The diagram above is a section of my LMS layout. When I began planning this layout in 1999, the first consideration was the radius of the curves. These are 1200mm in diameter and therefore 600mm radius or 2 feet. This is probably a minimum if you want to run trains with long locomotives and long carriages, such as the "4-6-2 Coronation class. Anything less is too tight a curve. The next consideration was vertical height. On this two-tier layout, the differential between the upper level station and the lower is 100 mm or 4 inches. Between the two is a gradient that is effectively 19 feet or 5800mm long.

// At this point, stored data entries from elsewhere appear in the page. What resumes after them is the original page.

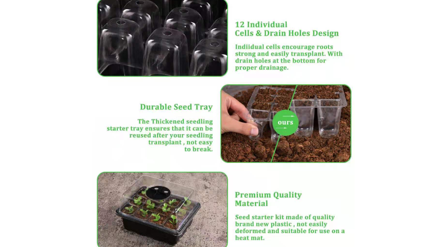 Grow seedlings like a pro with the Kmall 12-Cell Plastic Seedling Starter Tray 10pcs! Each tray features 12 individual cells for organised planting and comes with humidity-adjustable ventilation domes to create the perfect environment for germination. Plus, drainage holes prevent overwatering, keeping your seedlings healthy and happy. Get ready for a thriving garden with this handy starter kit!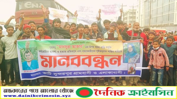 ক্রাইমসিন সংবাদ : মাধবপুরে গৃহবধূ মানসুরা আক্তারের মৃত্যু কে হত্যা দাবি করে তার স্বজন ও এলাকাবাসী বুধবার ঢাকা সিলেট মহাসড়ক অবরোধ ও মানববন্ধন করে দোষিদের শাস্তি দাবি করেছে। মানববন্ধন চলাকালে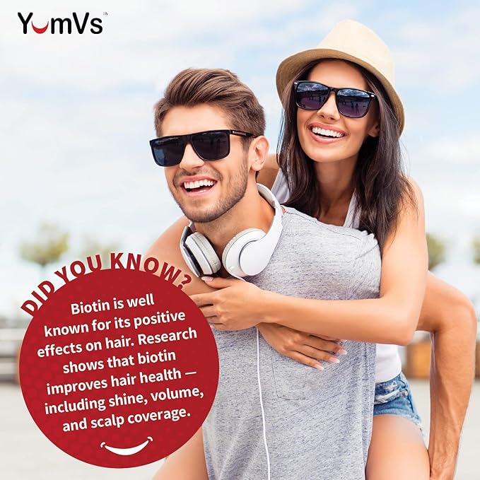 YUM-V'S High Potency Biotin Gummies by YumVs | Daily Dietary Supplement for Adults and Kids | Biotin 10000 mcg | Natural Raspberry Flavor Jellies, 100-Count | Vegetarian, Non-GMO, Kosher

The first question that comes to mind is: why is it so long - couldn't it have been shorter? The answer is "no it couldn't! Well, it could have been, but the price to pay would have been a big problem for operation unless I just ran light engines. The reason is that for every linear unit forward on an inclined plane such as this, the train has to work that much harder than if it was on the flat. A train would probably not get up an incline of more than 1:30 without stalling, or at least having problems with traction. The proportion 1:30 means that for every unit forward i.e (in this case) 30, the track (or road) is inclined by one unit. These units may be millimetres, inches, metres, kilometres or whatever. So if we used inches, 1:30 would be a rise of 1 inch in 30 inches or 2 feet 6 inches. It would be 2 inches of vertical height in 5 feet and so on. It may be seen from this, that the greater the second number (e.g. 1:80) the more gentle is the incline, because the track has more length to achieve its projected height. So 1:80 is less steep than 1:30.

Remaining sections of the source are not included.